Assignment
Repeat the span of the entries below that starts at the line with "Pierwsze spotkanie odbyło" and ends at the line with "참여대상은 장애인 단체, 특수학교, 장애시설, 10명", nothing more. Skip the pictures.

### Exercise materials ###

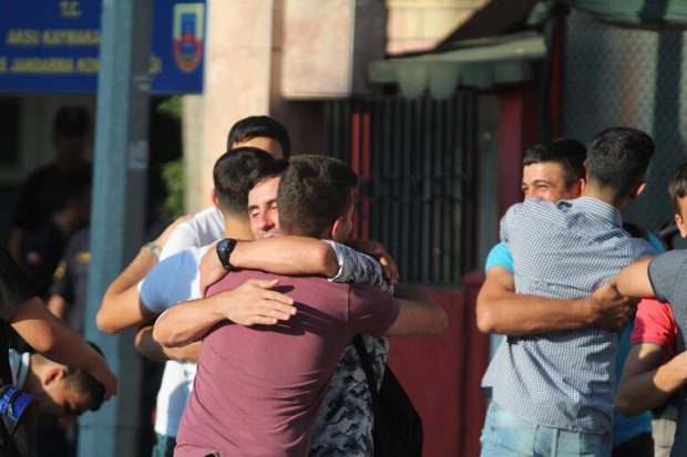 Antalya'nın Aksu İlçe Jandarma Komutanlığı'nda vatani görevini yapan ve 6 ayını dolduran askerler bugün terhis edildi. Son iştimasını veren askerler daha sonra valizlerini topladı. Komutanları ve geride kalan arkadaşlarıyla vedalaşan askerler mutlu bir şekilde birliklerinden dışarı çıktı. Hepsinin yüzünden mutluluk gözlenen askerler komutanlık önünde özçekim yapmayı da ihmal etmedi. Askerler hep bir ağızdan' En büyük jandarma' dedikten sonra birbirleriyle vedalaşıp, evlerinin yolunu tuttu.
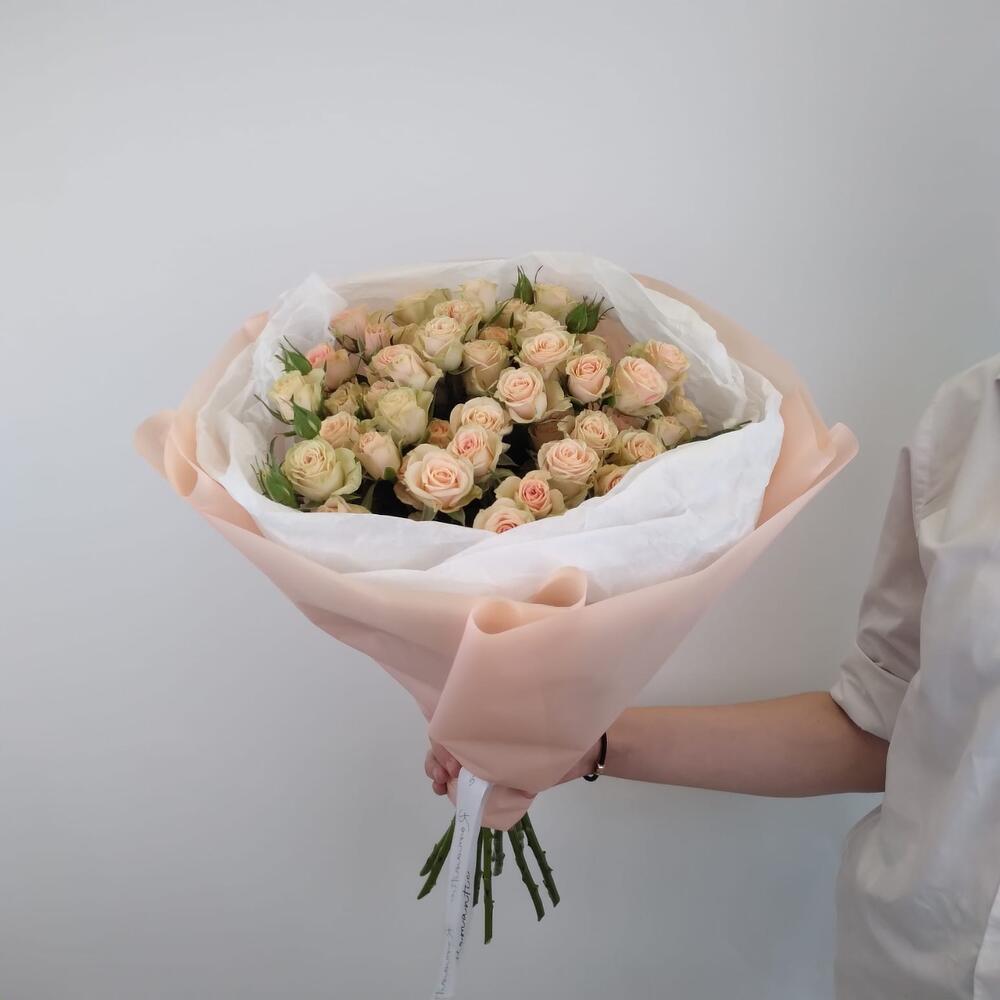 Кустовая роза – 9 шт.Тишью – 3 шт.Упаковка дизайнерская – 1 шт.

###
### Exercise materials ###

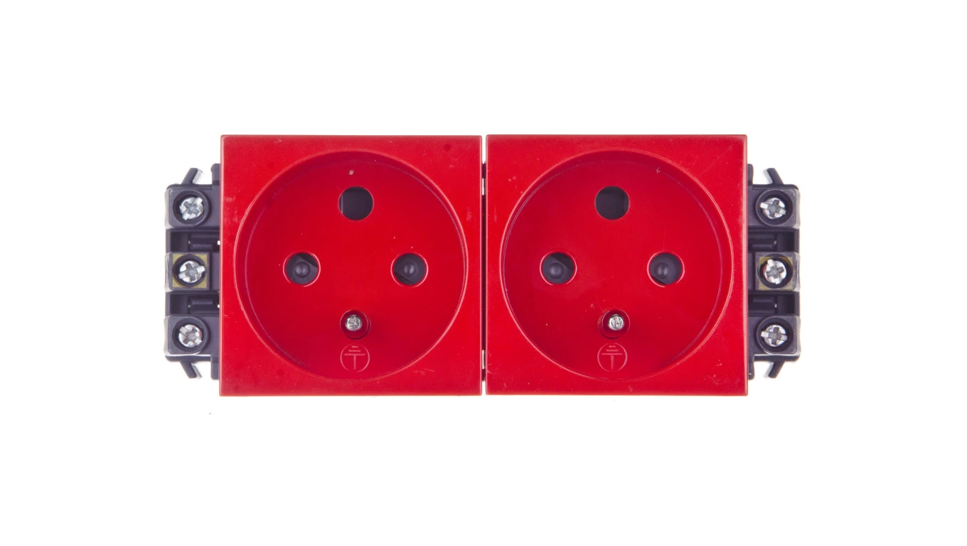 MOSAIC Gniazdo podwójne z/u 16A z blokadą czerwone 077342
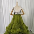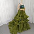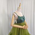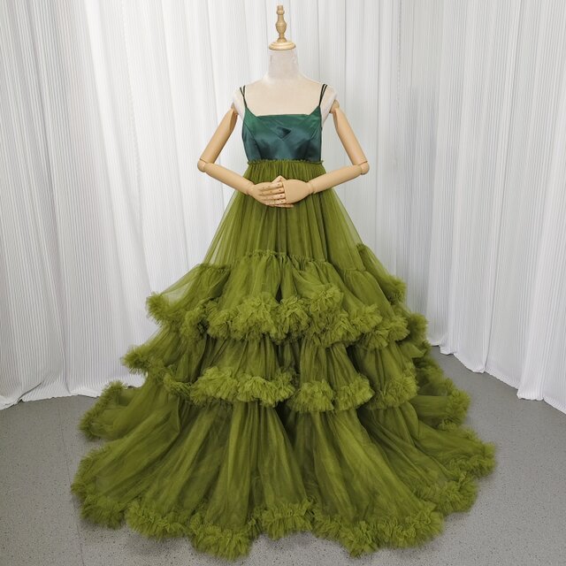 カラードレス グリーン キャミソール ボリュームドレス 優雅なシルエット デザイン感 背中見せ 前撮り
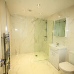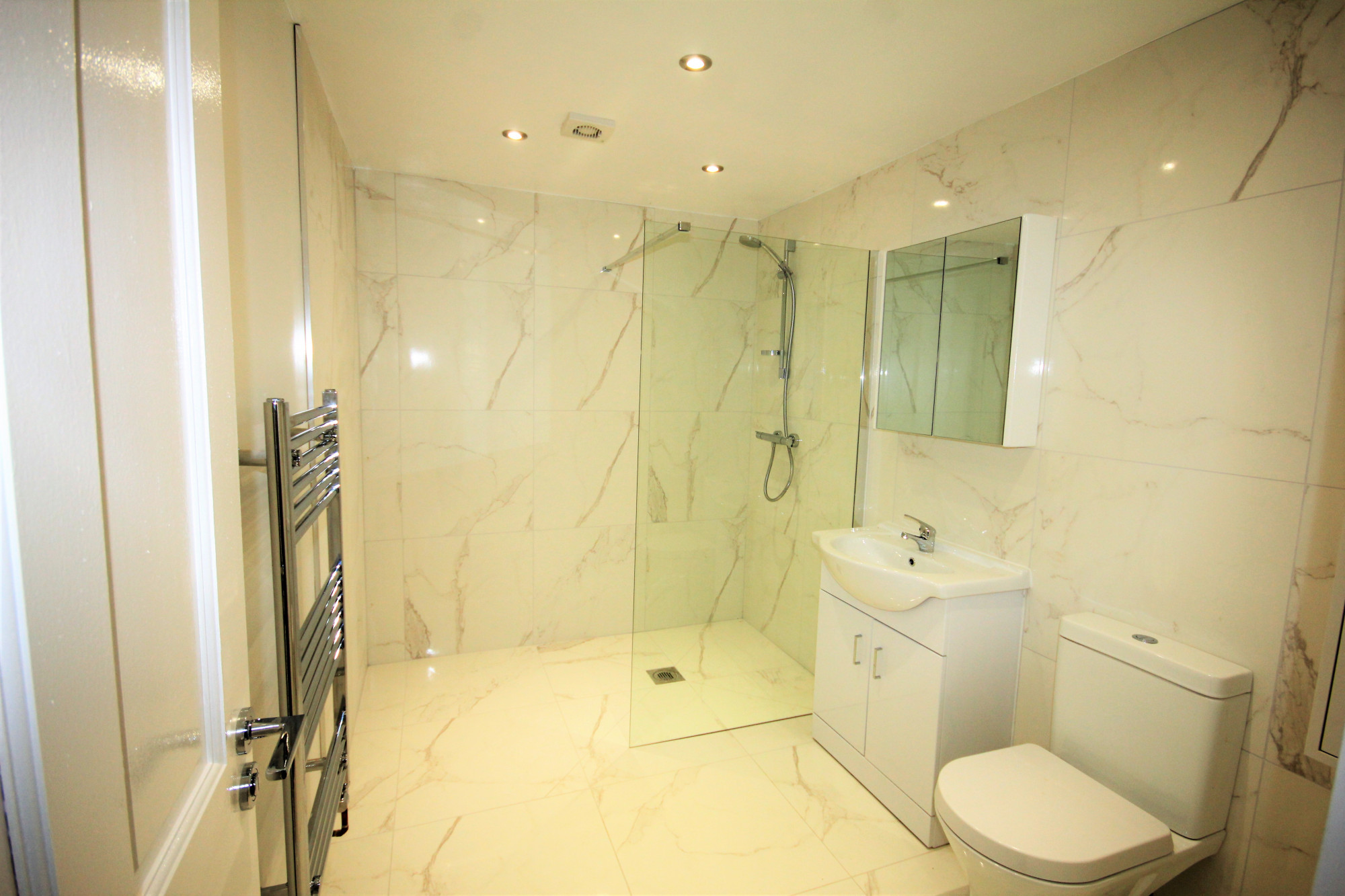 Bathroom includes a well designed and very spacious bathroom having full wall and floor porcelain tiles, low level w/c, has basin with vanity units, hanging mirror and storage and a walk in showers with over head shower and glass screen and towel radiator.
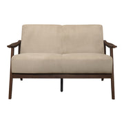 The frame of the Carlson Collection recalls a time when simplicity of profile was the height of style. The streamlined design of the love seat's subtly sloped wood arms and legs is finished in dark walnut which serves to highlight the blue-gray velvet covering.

###
### Exercise materials ###

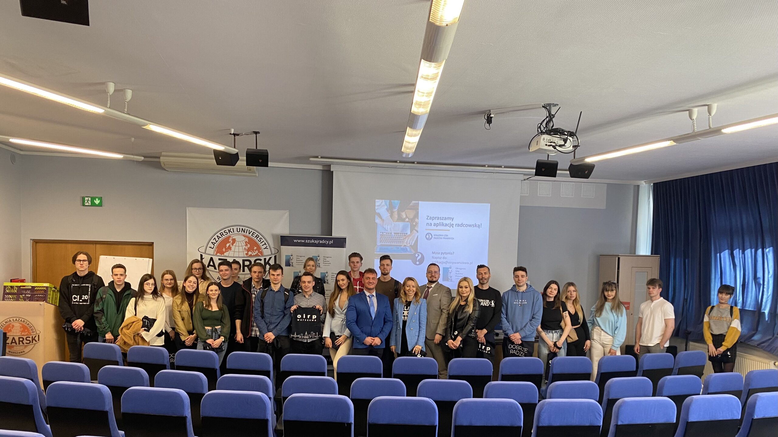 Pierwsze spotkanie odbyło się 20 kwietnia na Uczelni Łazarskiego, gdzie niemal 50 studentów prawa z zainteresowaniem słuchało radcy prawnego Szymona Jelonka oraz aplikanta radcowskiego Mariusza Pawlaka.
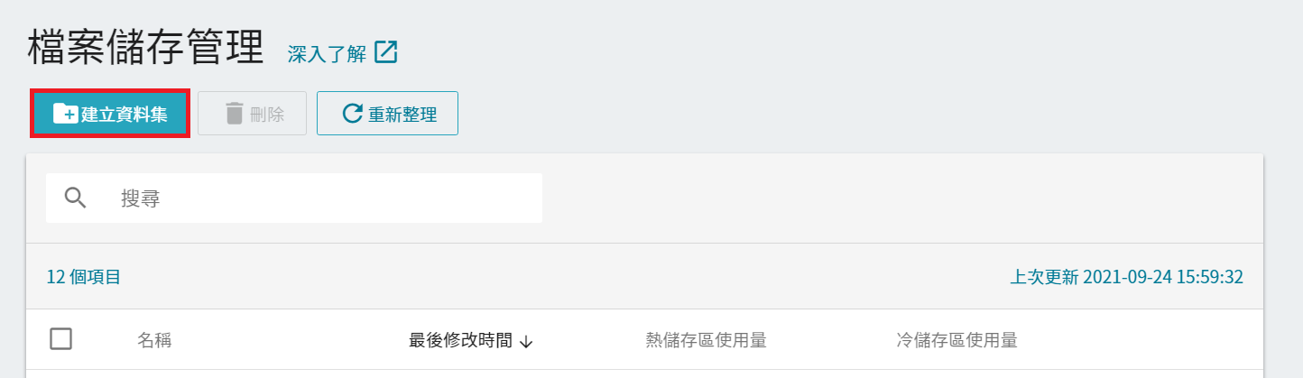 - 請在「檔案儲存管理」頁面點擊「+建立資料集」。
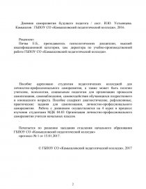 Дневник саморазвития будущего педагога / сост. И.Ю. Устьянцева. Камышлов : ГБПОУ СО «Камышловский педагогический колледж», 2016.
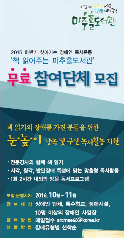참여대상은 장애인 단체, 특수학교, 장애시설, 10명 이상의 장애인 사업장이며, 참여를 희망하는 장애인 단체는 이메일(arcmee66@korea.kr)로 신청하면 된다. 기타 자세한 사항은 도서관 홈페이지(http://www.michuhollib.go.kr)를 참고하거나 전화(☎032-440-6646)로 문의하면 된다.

###

Answer for the task
 Pierwsze spotkanie odbyło się 20 kwietnia na Uczelni Łazarskiego, gdzie niemal 50 studentów prawa z zainteresowaniem słuchało radcy prawnego Szymona Jelonka oraz aplikanta radcowskiego Mariusza Pawlaka.
 - 請在「檔案儲存管理」頁面點擊「+建立資料集」。
 Дневник саморазвития будущего педагога / сост. И.Ю. Устьянцева. Камышлов : ГБПОУ СО «Камышловский педагогический колледж», 2016.
참여대상은 장애인 단체, 특수학교, 장애시설, 10명 이상의 장애인 사업장이며, 참여를 희망하는 장애인 단체는 이메일(arcmee66@korea.kr)로 신청하면 된다. 기타 자세한 사항은 도서관 홈페이지(http://www.michuhollib.go.kr)를 참고하거나 전화(☎032-440-6646)로 문의하면 된다.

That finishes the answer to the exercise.